* Work task: After finding "Сумка выполнена из" in the material below, output its line and every line after it through the last, exactly, but not the pictures.

• • • • •

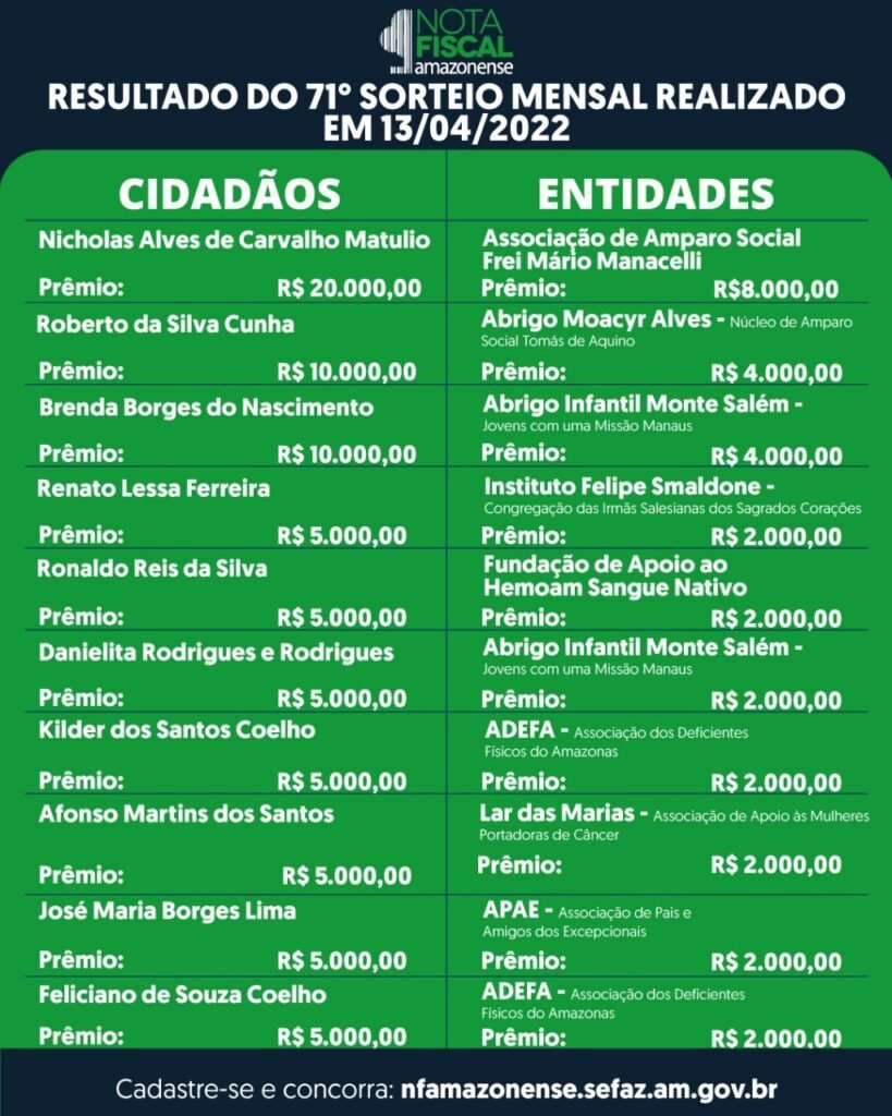 A Secretaria de Estado de Fazenda (Sefaz-AM) divulgou a relação com os nomes dos cidadãos e entidades sociais vencedores do 71º Sorteio Mensal da Campanha Nota Fiscal Amazonense. O sorteio foi transmitido ao vivo pelo Sistema de Rádio e TV Encontro das Águas.
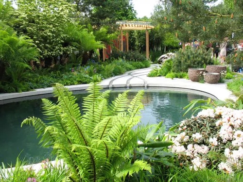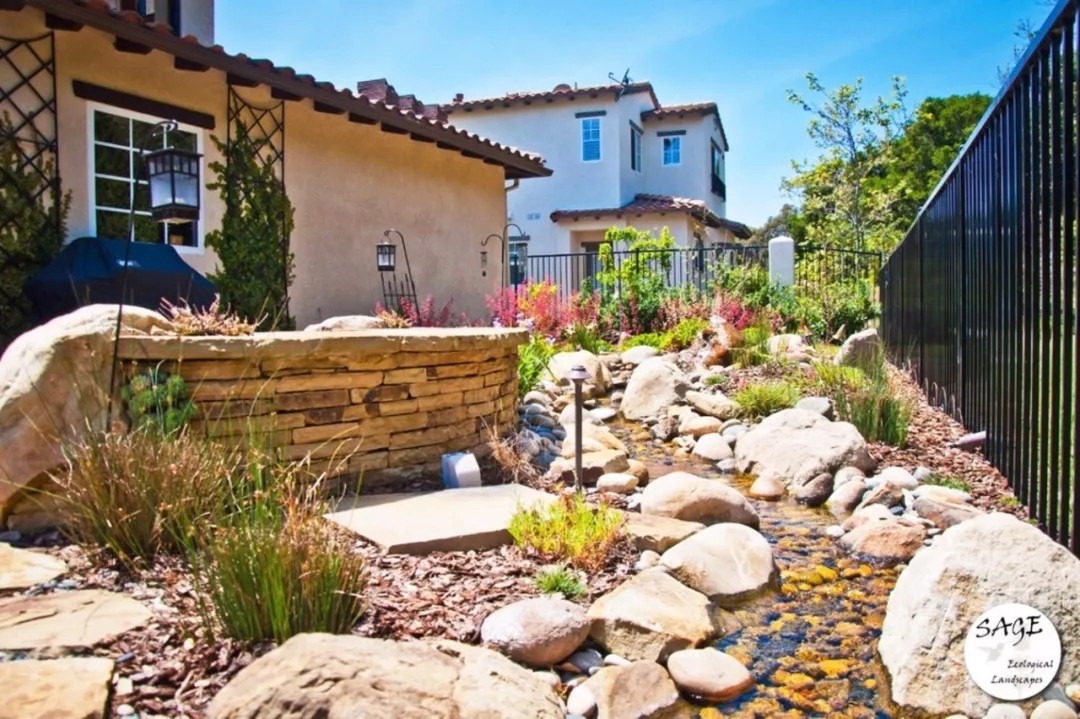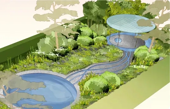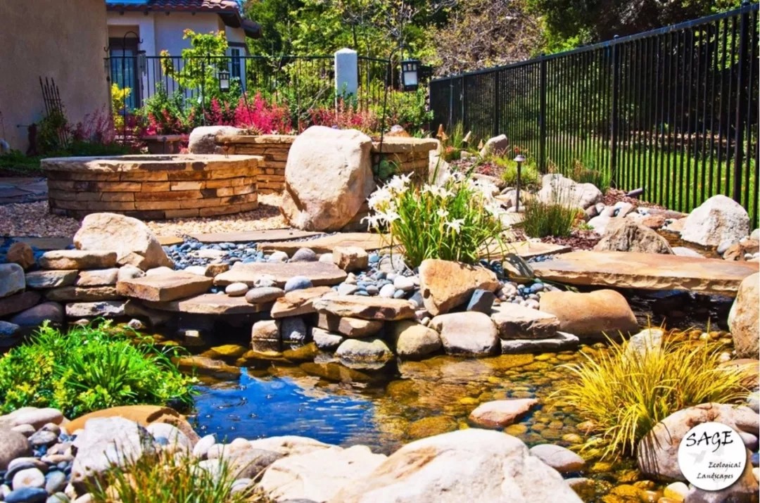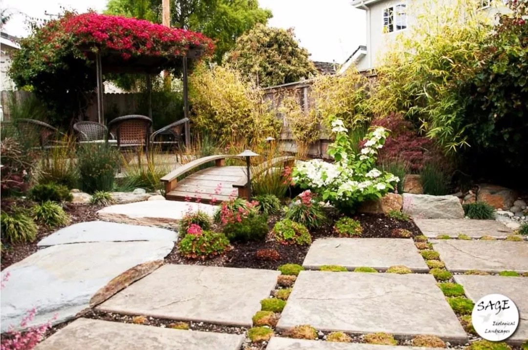 庭院中还有错落有致的绿色植物和多种不同色彩的鲜花植物,两个椭圆形的水池是由一条曲线形的镶嵌着溪水的小路来连接的,小路由花岗石铺砌而成。
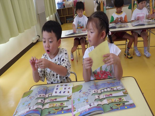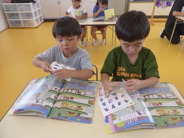 午後は月刊誌の9月号を読みました。忍者のお話や、運動会のお話など楽しみながら読み進めていくことが出来ました。
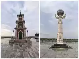 Fifth stop: Riverside Park. Walking along the river from Sanjiangkou National Wetland Park, we reached the core scenic area of Riverside Park. Built in 2010 along the tributary of the Songhua River, the 6,230-meter-long park features a large relief wall, calligraphy stele forest wall, Educated Youth Square, Bell Tower Square, and Umbrella Pavilion Square. Exploring it in the rain added a unique charm!
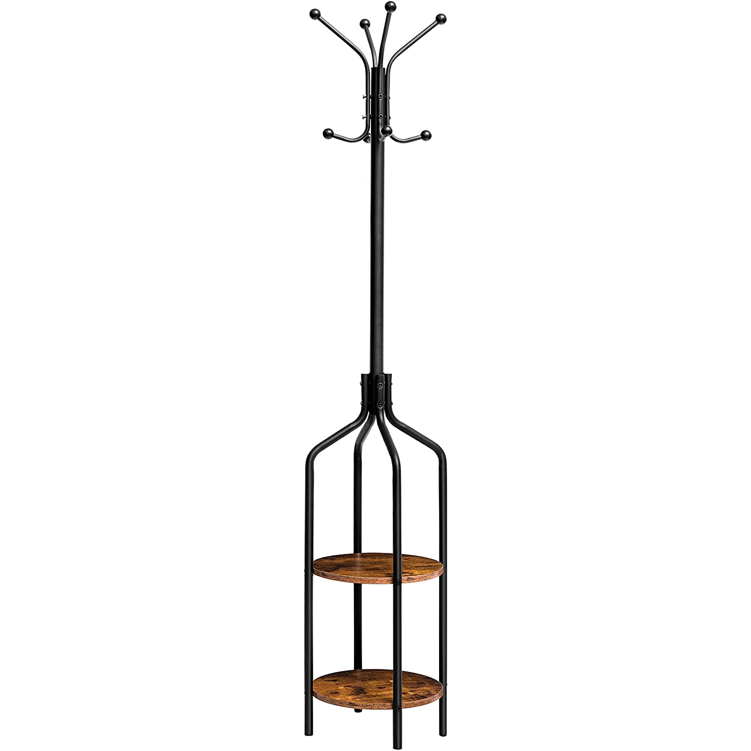 Cabide independente com 2 Prateleiras e 8 Ganchos, Árvore de salão industrial com estrutura metálica, Marrom Rústico, Adequado para corredor, Varanda, Ideal para pendurar chapéus, Mochilas e guarda-chuvas
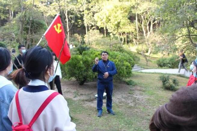 启动仪式结束后,所有人员集中乘车前往黔灵山,参观麒麟洞爱国主义教育基地。参观过程中,2019级研究生第二党支部学生党员李文芳为大家讲解了“西安事变”的经过和两位爱国将领张学良、杨虎城被关押的情况。登黔灵山的沿途中,陈浒教授、刘子琦副教授、狄永宁副教授以及喻阳华副教授通过对黔灵山地质地貌的实地考察,为同学们讲解了有关岩石构造以及地下水的分布情况。全体师生抵达英雄纪念碑后在黔灵湖英雄纪念碑开展了相关纪念活动。
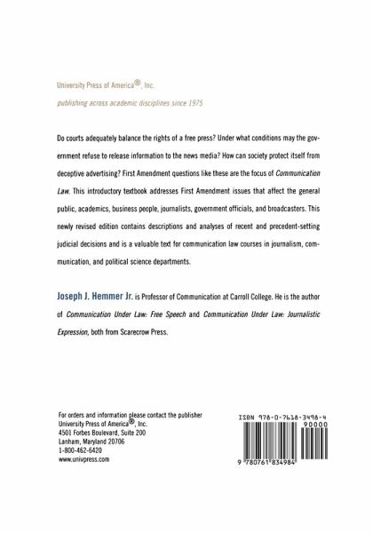 Designed as an introductory textbook for communication law courses in journalism, communication, and political science departments, Communication Law addresses some of the most pressing First Amendment questions and issues.
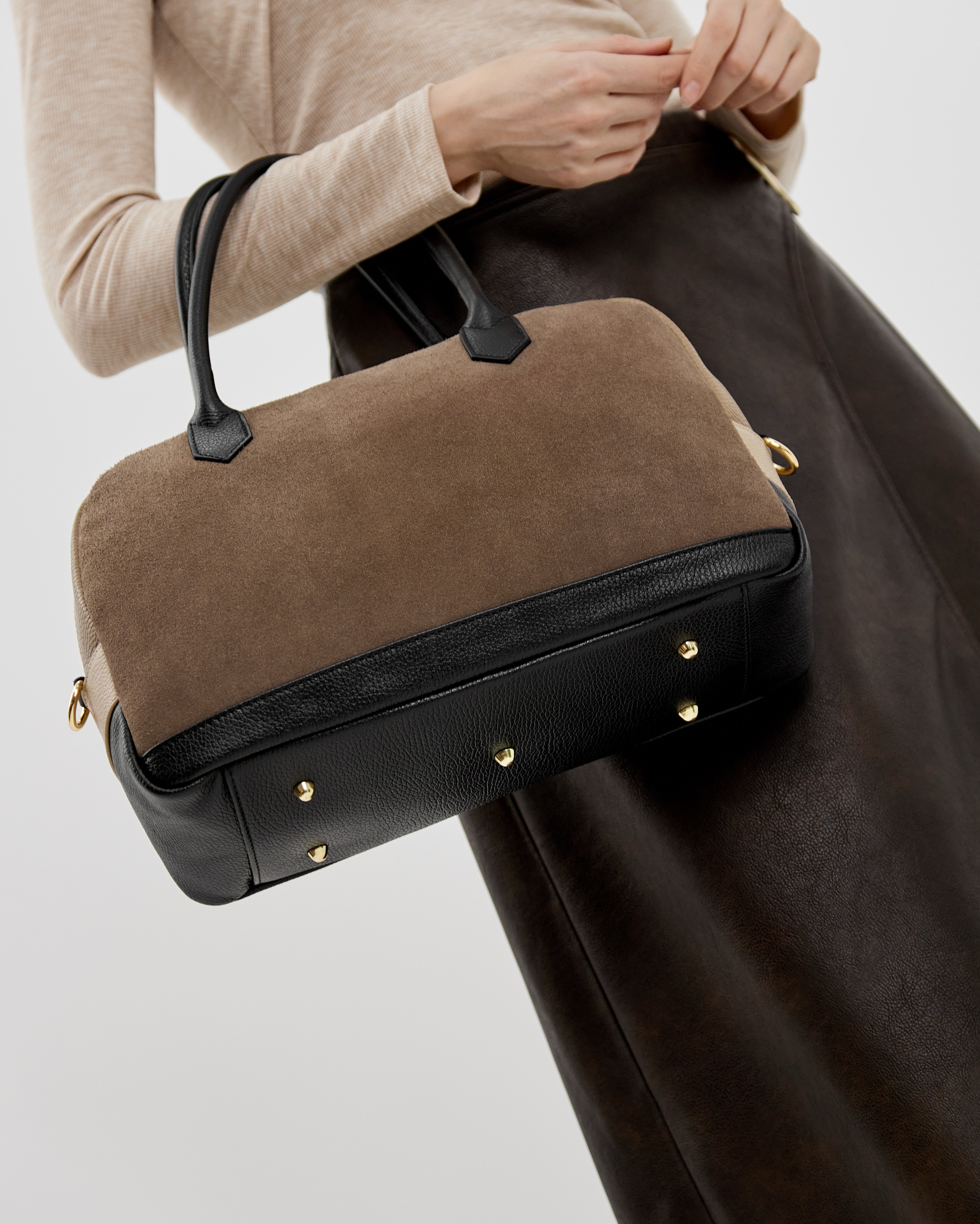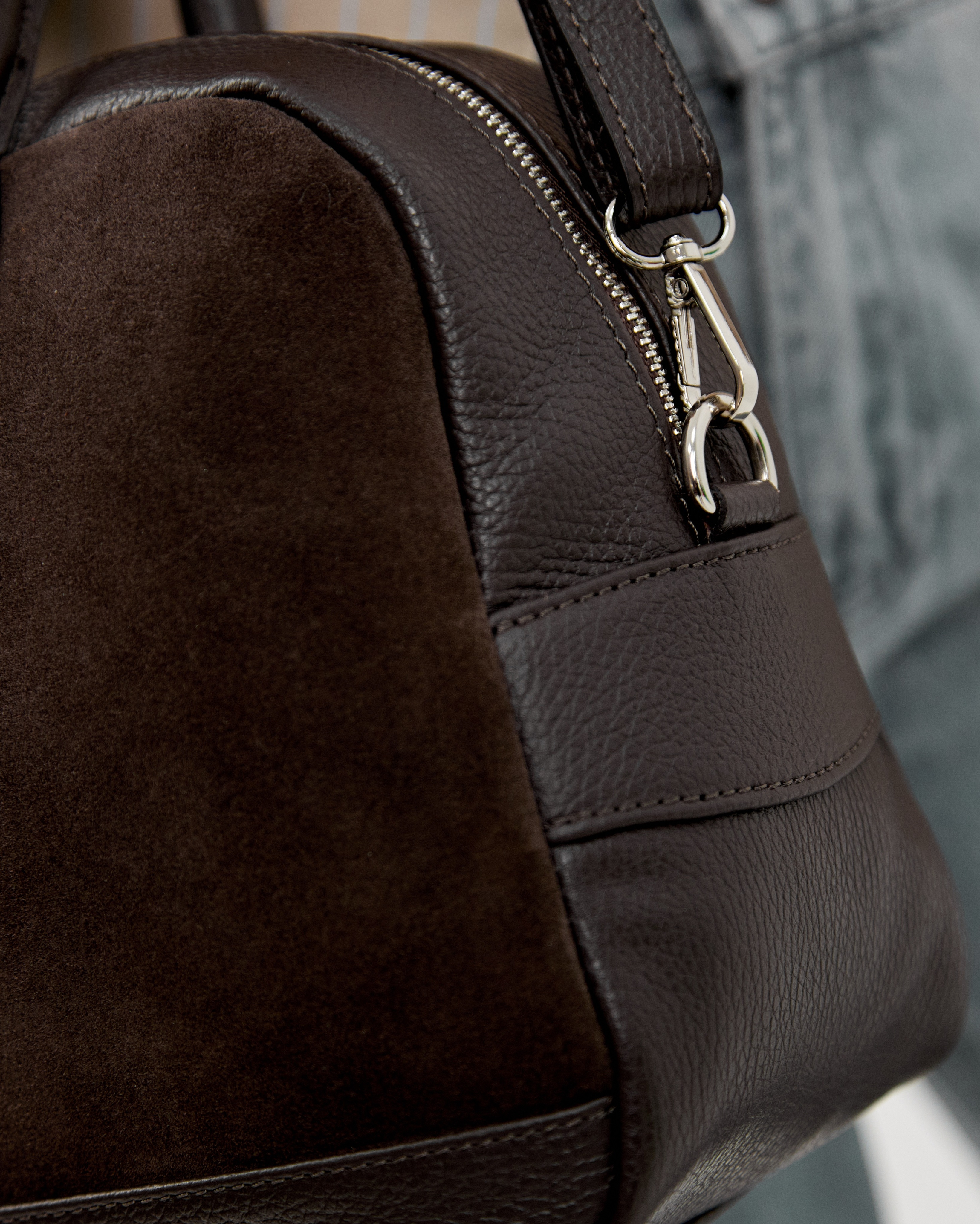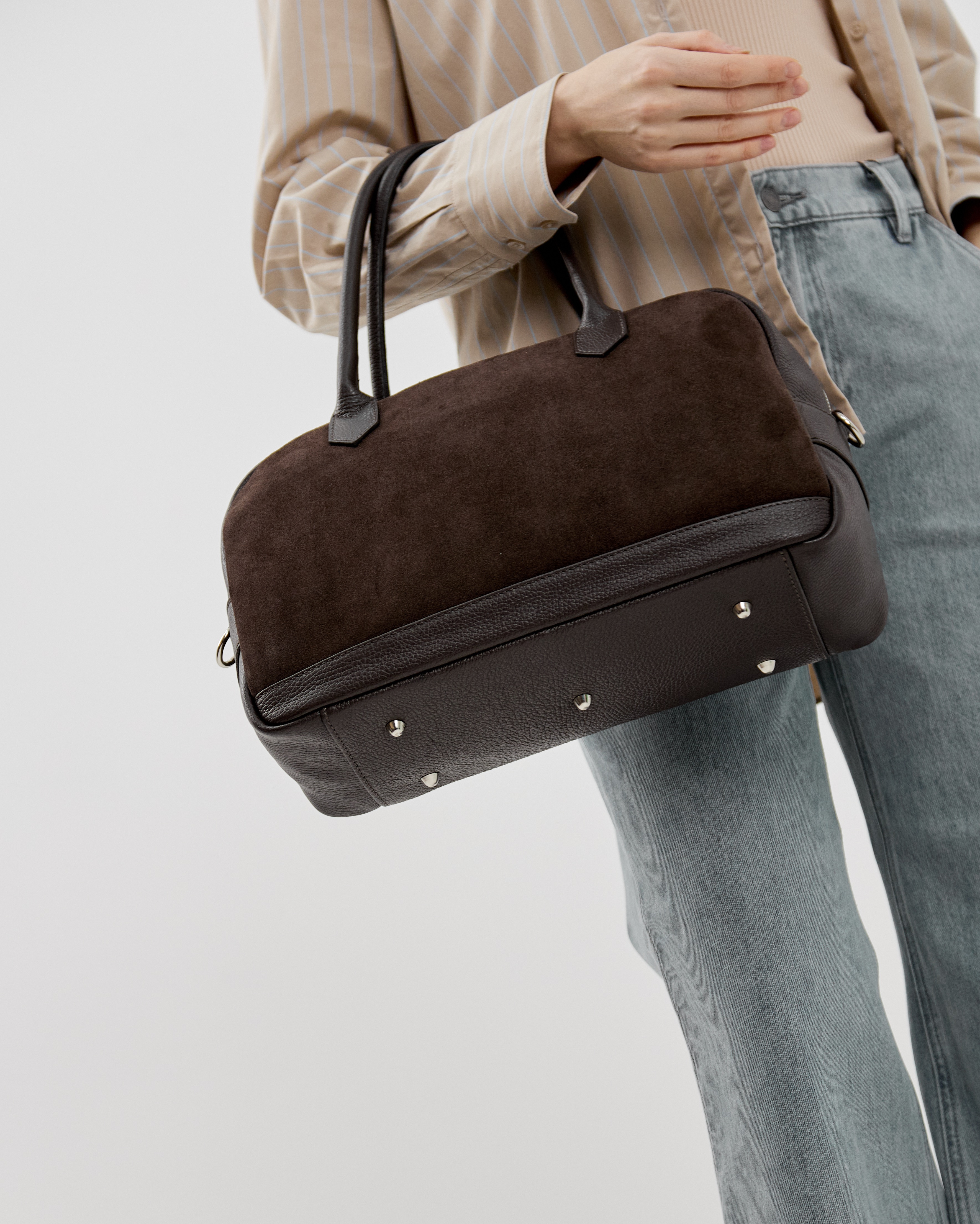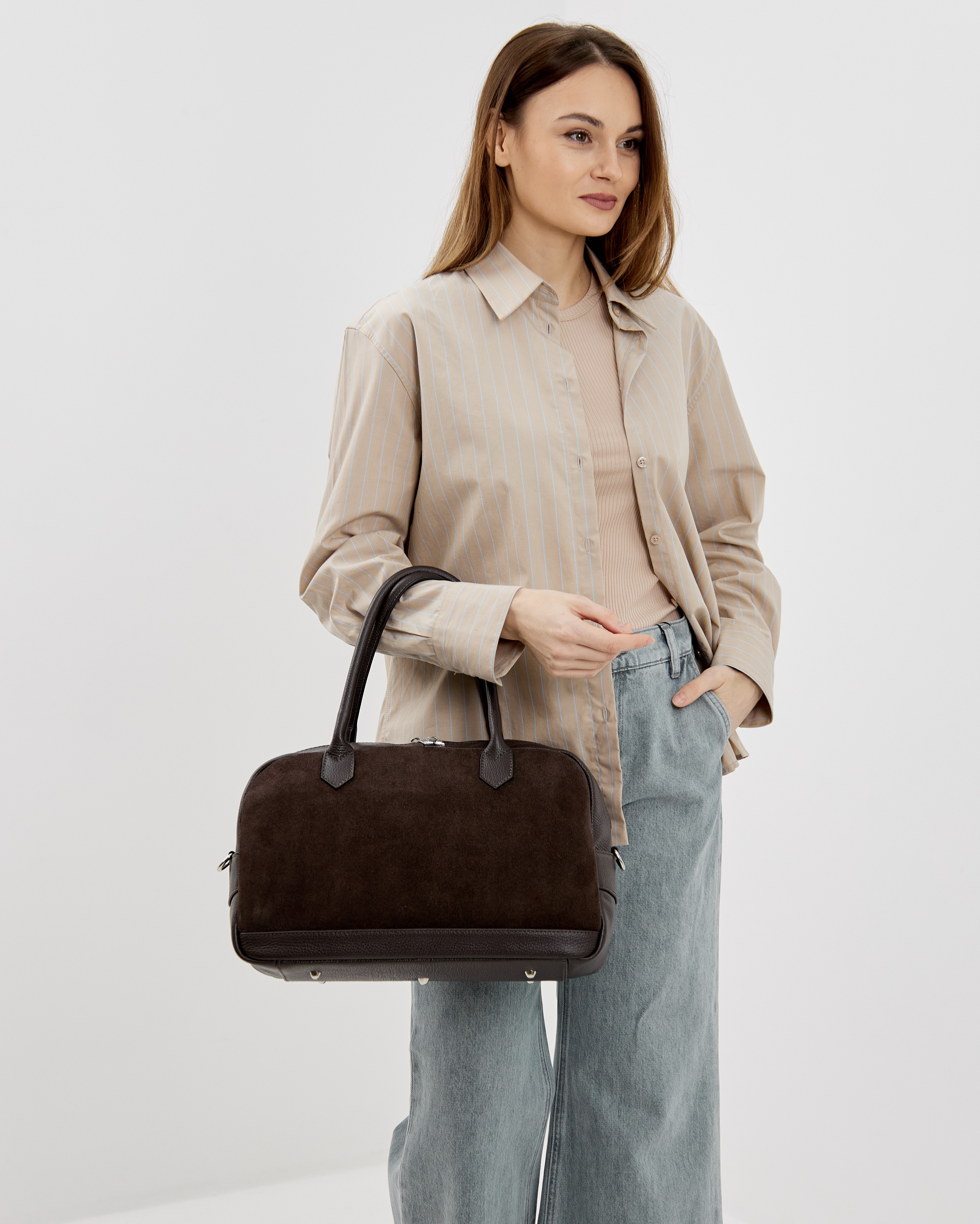 Сумка выполнена из натуральной замши с элементами зернистой кожи и декорирована фурнитурой серебряного цвета.
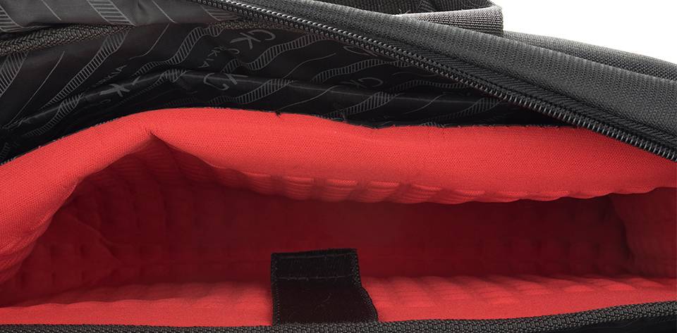 همانطور که گفته شد در پشت کیف هیچ محفظه یا جیبی وجود ندارد، اما در قسمت جلویی کیف دو محفظه جداگانه وجود دارد. یک محفظه کوچک با یک زیپ عمودی که البته فضای زیادی برای قرار دادن وسایل مختلف را ندارد و به نظر میرسد برای پول و مدارک مناسب است. در زیر این جیب یک محفظه بزرگ تقریبا سرتاسری وجود دارد که از دو طرف دسترسی دارد. البته از آنجایی که این محفظه هیچ زیپ یا درپوشی ندارد بهتر است وسایل مهم و ارزشمندتان را در آن قرار ندهید و برای گذاشتن کاغذ خوب است. بیشترین فضای محفظه اصلی هم به محل قرارگیری لپتاپ اختصاص داده شده است. فضای بزرگی که از دو طرف و از پایین توسط لایههای ابری و نرمی پوشانده شده است. به همین دلیل میتوان به میزان محافظت این کیف از لپتاپ نمره قبولی داد. البته همچنان باید مراقب ضربهها و فشارهای شدید باشید که به احتمال زیاد به لپتاپتان آسیب خواهد رساند. در کنار این لایه محافظت شده یک فضای دیگر برای قرار دادن شارژر لپتاپ و ماوس هم به چشم میخورد و یک جیب برای ابزارهای کوچکتر مانند فلش مموری و هارد اکسترنال و پاوربانک هم در همین قسمت تعبیه شده است.

• • • • •

* Response for this exercise:
 Сумка выполнена из натуральной замши с элементами зернистой кожи и декорирована фурнитурой серебряного цвета.
 همانطور که گفته شد در پشت کیف هیچ محفظه یا جیبی وجود ندارد، اما در قسمت جلویی کیف دو محفظه جداگانه وجود دارد. یک محفظه کوچک با یک زیپ عمودی که البته فضای زیادی برای قرار دادن وسایل مختلف را ندارد و به نظر میرسد برای پول و مدارک مناسب است. در زیر این جیب یک محفظه بزرگ تقریبا سرتاسری وجود دارد که از دو طرف دسترسی دارد. البته از آنجایی که این محفظه هیچ زیپ یا درپوشی ندارد بهتر است وسایل مهم و ارزشمندتان را در آن قرار ندهید و برای گذاشتن کاغذ خوب است. بیشترین فضای محفظه اصلی هم به محل قرارگیری لپتاپ اختصاص داده شده است. فضای بزرگی که از دو طرف و از پایین توسط لایههای ابری و نرمی پوشانده شده است. به همین دلیل میتوان به میزان محافظت این کیف از لپتاپ نمره قبولی داد. البته همچنان باید مراقب ضربهها و فشارهای شدید باشید که به احتمال زیاد به لپتاپتان آسیب خواهد رساند. در کنار این لایه محافظت شده یک فضای دیگر برای قرار دادن شارژر لپتاپ و ماوس هم به چشم میخورد و یک جیب برای ابزارهای کوچکتر مانند فلش مموری و هارد اکسترنال و پاوربانک هم در همین قسمت تعبیه شده است.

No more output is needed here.